The book was shortlisted for the prestigious U.K. Saboteur prize. The plots of these stories are simple and basic and as deep as feelings of hate and love can be. In plot, style and characterization they show a deep understanding of human nature.
The titles of the stories are 1) Jango Jacks; 2) No Outlet, Dead End; 3) Payback; 4) Grannie Annie and the Kid; 5) The Scapegoat; 6) Joe; 7) Tiki Bar; 8) Cecilia’s New Shoes; 9) Split; 10) Orbits; 11) Regret; 12) Folie a Trois; 13) Fissure; 14) I Really Can’t Say; 15) The Man Who Wandered In; 16) Second Sight; 17) Otis and Lovey; 18) Fergus; 19) Fog; 20) Le Caprice; 21) The Mime; 22) Intermezzo; and 23) The Climber.
Egan’s fiction and poetry has appeared in more than 35 literary journals and anthologies and has been twice nominated for a Pushcart Prize, Best of the Web and Best of the Net.

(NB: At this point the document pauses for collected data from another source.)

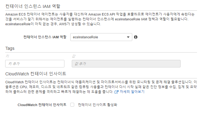 ecsInstanceRole를 새로 생성하여 사용하며, 기존에 이미 존재하는 경우는 생성되어 있는 것을 사용하면 됩니다.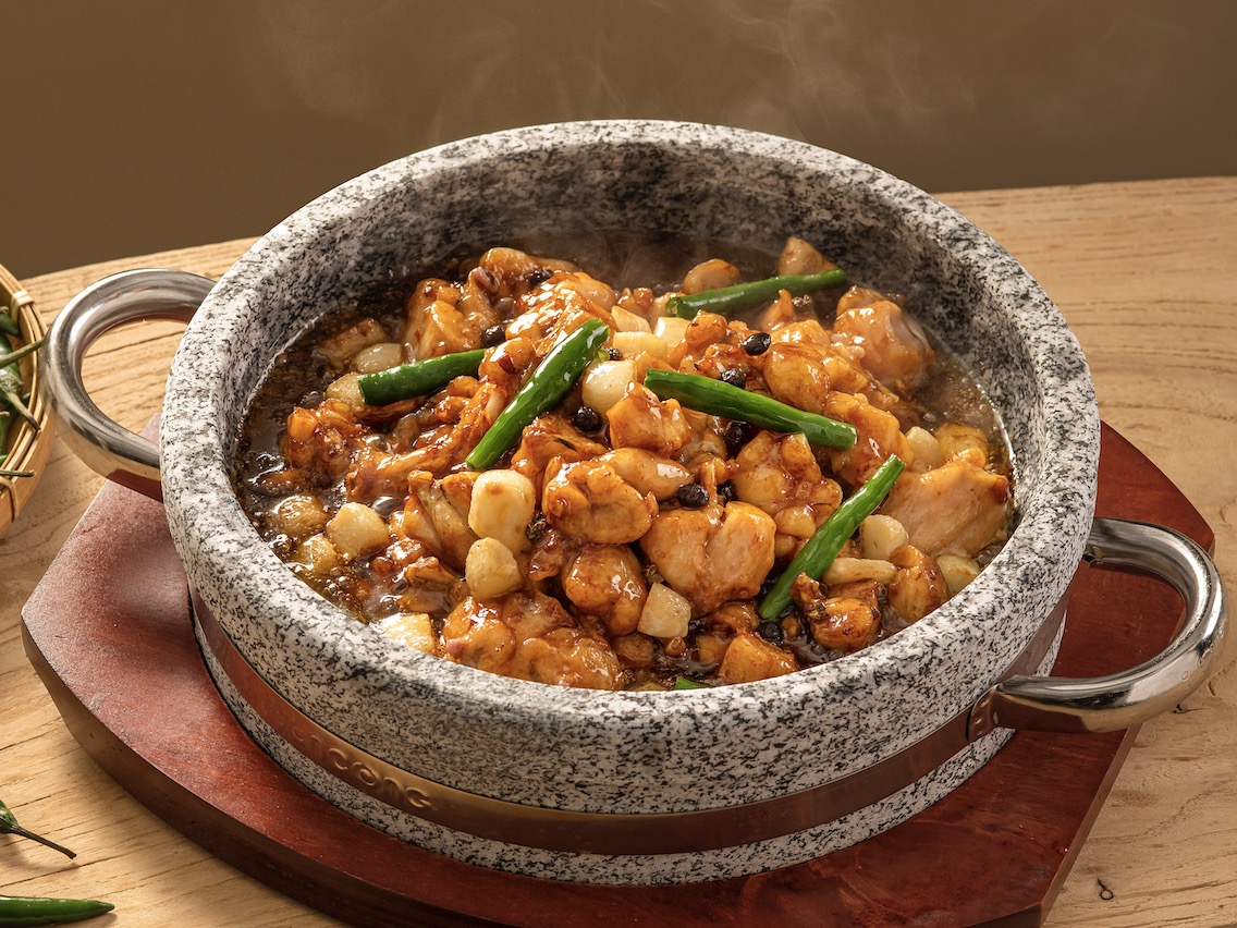 特色菜品有蔥椒爆牛肉、東坡仔排、粉絲裹蝦、醬爆石鍋蛙、椒麻大白條、龍井烤雞、面包誘惑、狀元芋頭煲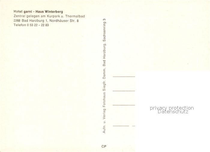 73171399 Bad Harzburg Hotel garni Haus Winterberg postalisch nicht gelaufen Erhaltung siehe scans [FriedD77] KatCode: 11110003153002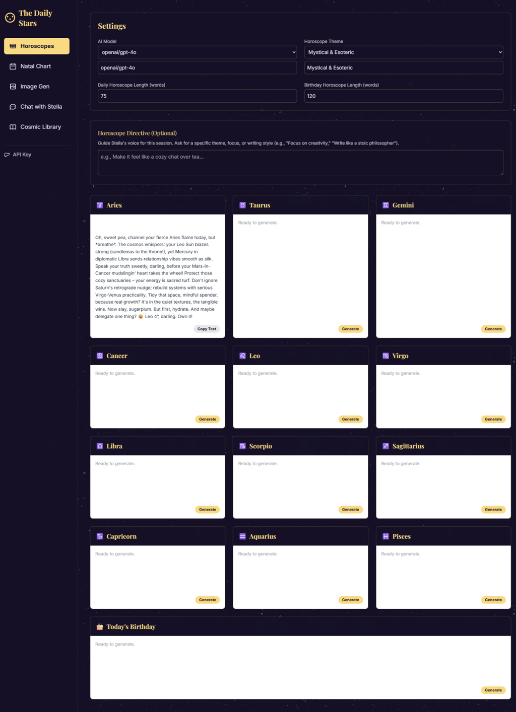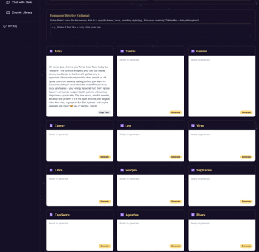 Custom Directive Box — Override Stella’s voice completely. Enter a micro-style note like: “Write like a Gen Z astrology meme account” or “Make it poetic like Rumi.”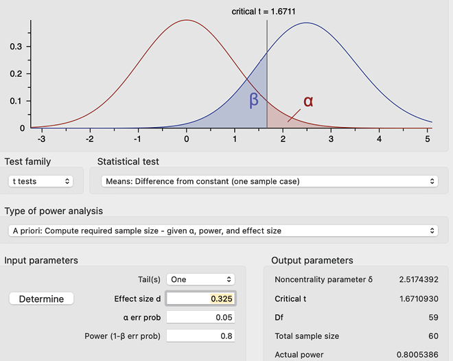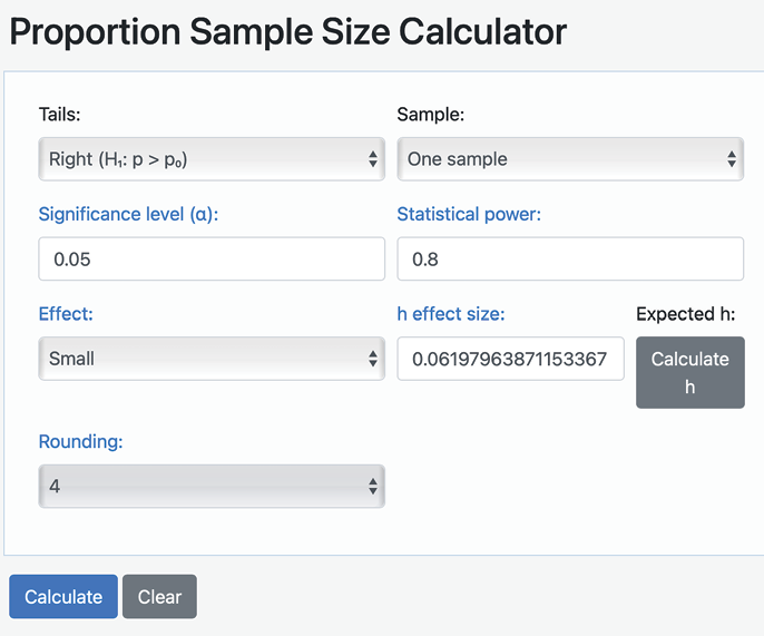 • Determine the necessary sample size by conducting an a priori power analysis using Statistics Kingdom’s online power calculator and G*Power.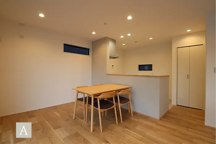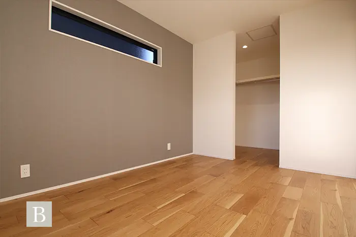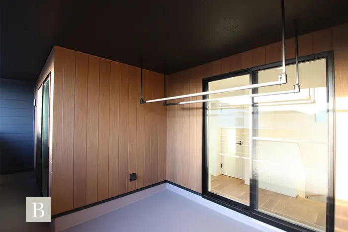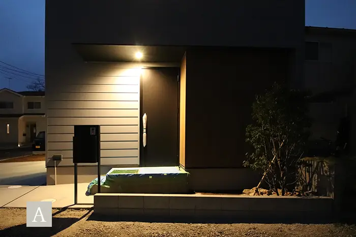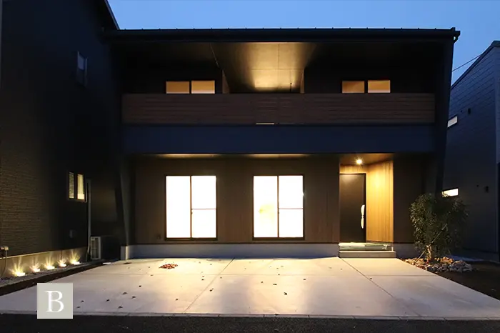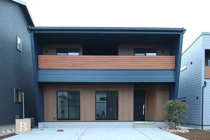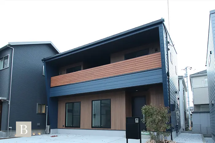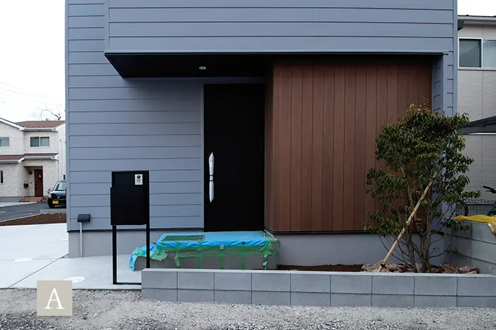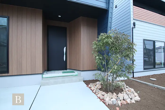 スタイリッシュでモダンな外観を演出するガルバリウム鋼板は、建売住宅ではコストがかかるため、あまり扱われない建材で注文住宅の無垢スタイルだからこそ叶う仕様です。
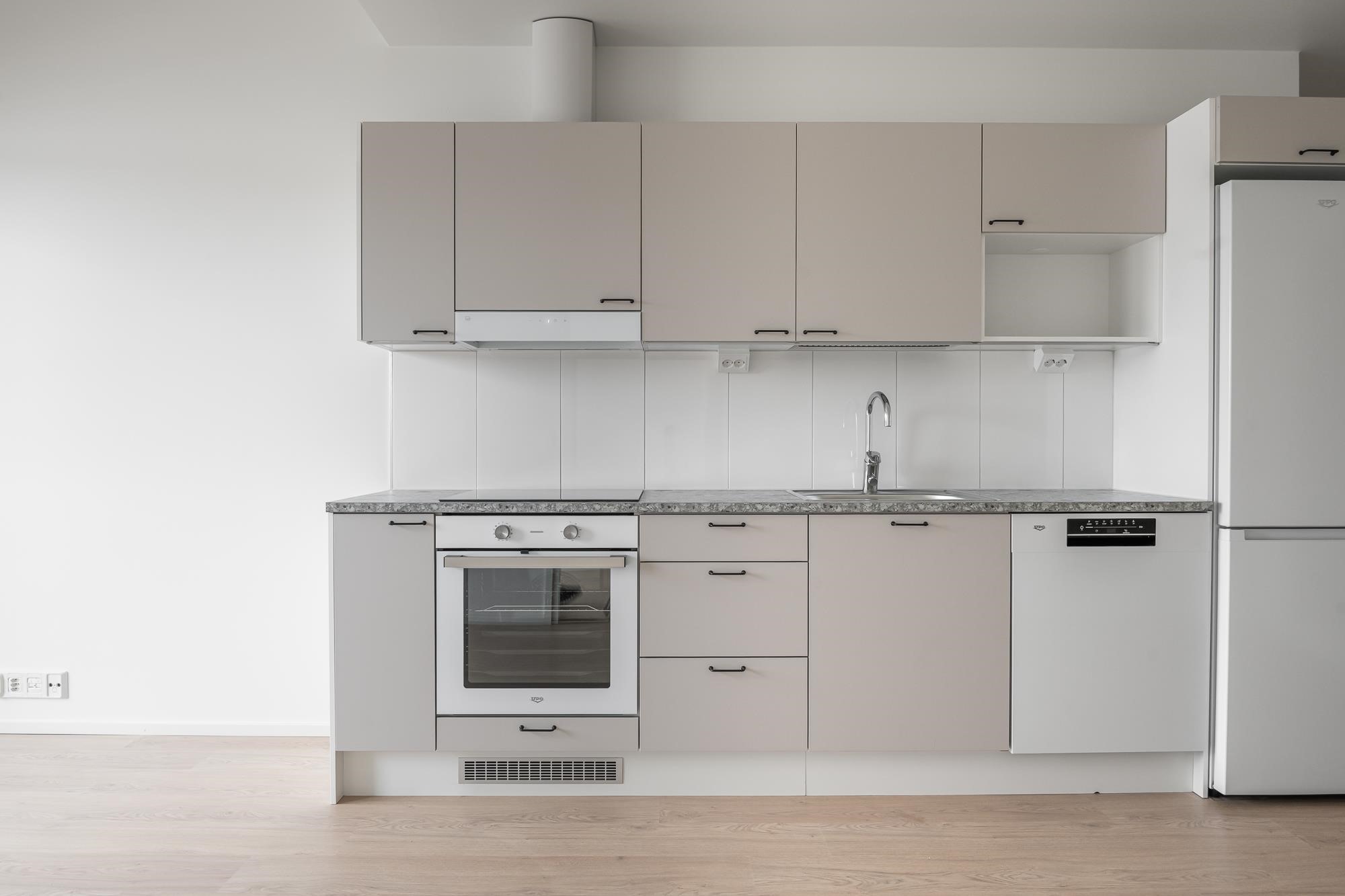 - Jääkaappipakastin, erillisuuni, liesitaso, astianpesukone, kaapistot.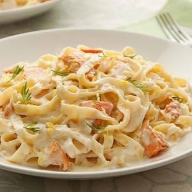 Talharim fresco e saboroso, servido com molho branco, temperos especiais e toque de manteiga, garantindo uma refeição.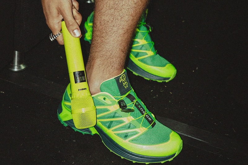 Feid x Salomon's XT-Pathway silhouette comes similarly doused in different shades of green, with a forest green midsole complementing the lime green accenting throughout the shoe.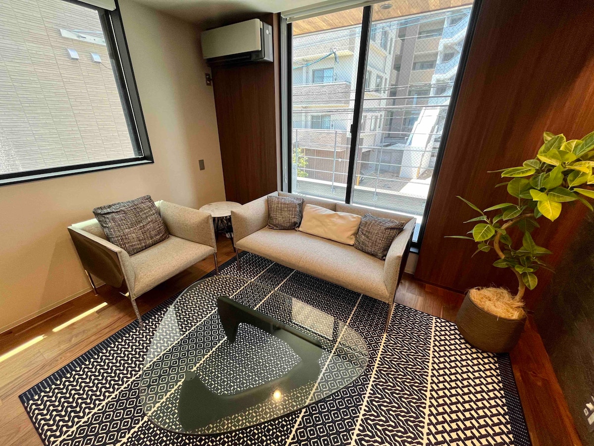 NÝTT OPNAÐ! Rúmgóð nýbyggð í miðborg Fukuoka. Leigja má alla íbúðina í einn dag. Nintendo Switch 2 til staðar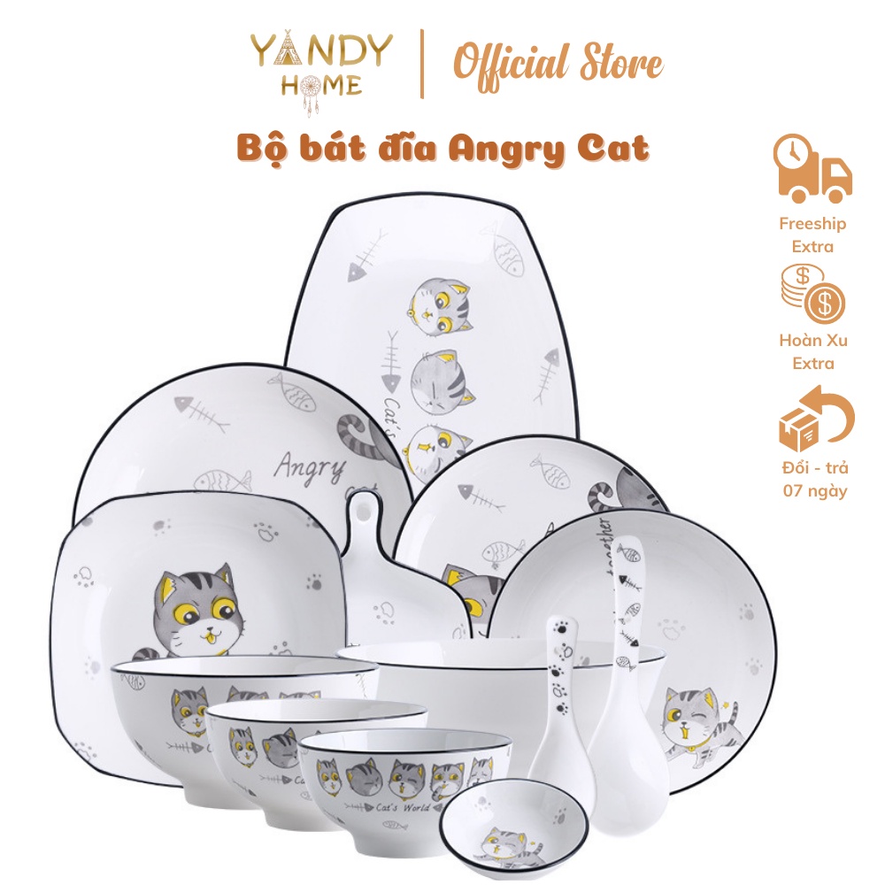 Bát đĩa sứ YANDY HOME BB14 chất men cao cấp họa tiết Angry Cat, chén đĩa tô sứ ngộ nghĩnh mèo cuteQUÝ KHÁCH CHỌN TỪNG MÓN KHI ĐẶT HÀNG.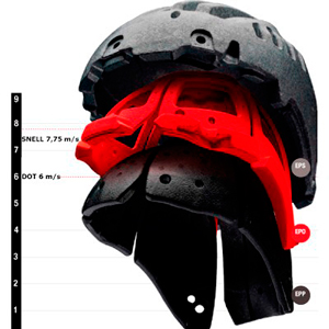O capacete possui 3 camadas de EPS com densidades diferentes, que atuam em conjunto para proteger o piloto em qualquer colisão, tal proteção excede todos os maiores testes de resistência para capacete, com um resultado final extraordinário em termos de proteção para a cabeça.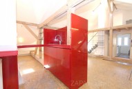 Atypický podkrovní prostor 110m2 ve 3. patře cihlového domu tvoří hlavního otevřený prostor o výměře 89m2, jehož součástí je kuchyňka, příslušenství tvoří koupelna s sociální zařízení WC 4m2, sklad 7m2, předsíň a výškově oddělená místnost ve věžičce 6m2, která je vhodná k přespání. Vhodné využití jako atelier, kancelář nebo pracovna.
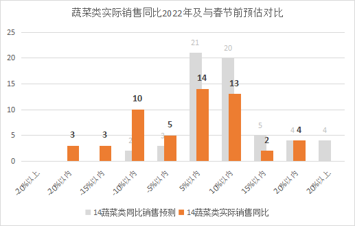 16、蔬菜類(葉菜類、根莖類、瓜類與茄果類、菌菇類、花菜、芽苗、豆類、腌漬加工蔬菜、其他蔬菜)的大部分企業(yè)表現(xiàn)較為平穩(wěn),銷售同比2022年增長15-20%的有4家,增長10-15%的有2家,增長5-10%的有13家,增長5%以內(nèi)的有14家,有21家同比下降。下跌的企業(yè)中有受人員返鄉(xiāng)、物流、備貨、重視程度、自營能力等因素影響較多。
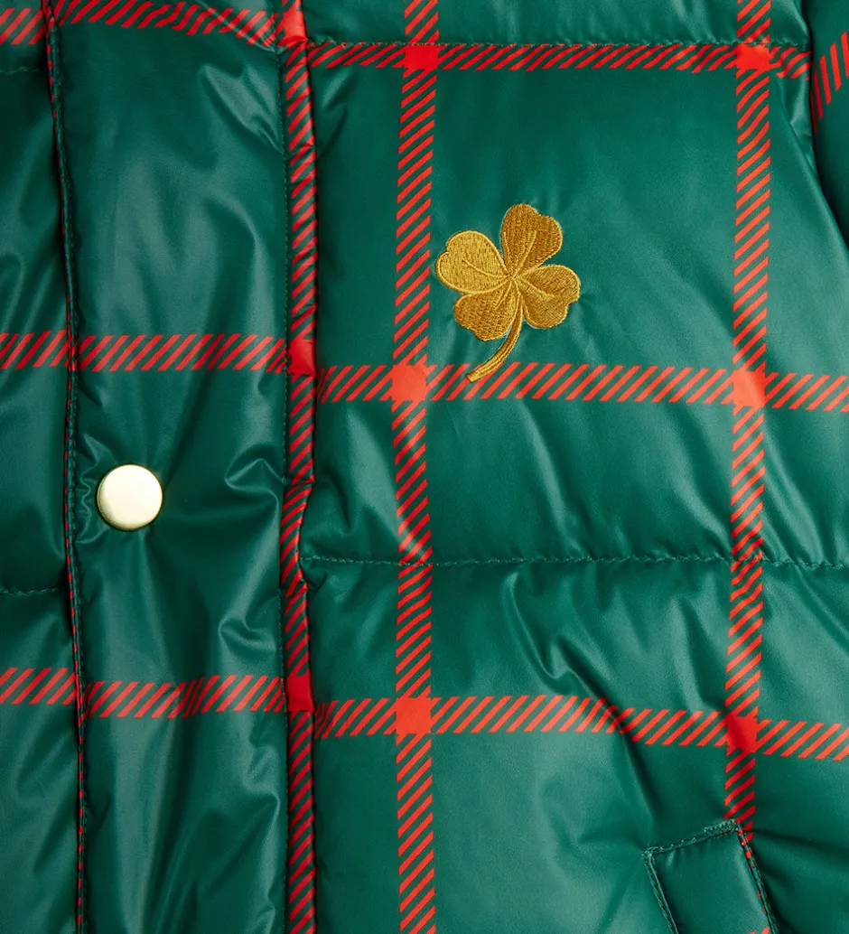 Elegant Mini Rodini dynejakke i en flot kombination af grøn med et iøjnefaldende rødt ternet mønster.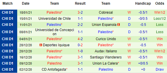 + Thống kê 10 trận gần nhất của Palestino

A story was a finalist for the Glass Woman Prize and another was a finalist in their Ghost Story contest. She lives on the coast of New Jersey.
George B. Kauffman, Ph.D., chemistry professor emeritus at Fresno State and a Guggenheim Fellow, is a recipient of the American Chemical Society’s George C. Pimentel Award in Chemical Education, the Helen M. Free Award for Public Outreach and the Award for Research at an Undergraduate Institution, and numerous domestic and international honors. In 2002 and 2011, he was appointed a Fellow of the American Association for the Advancement of Science and the American Chemical Society, respectively.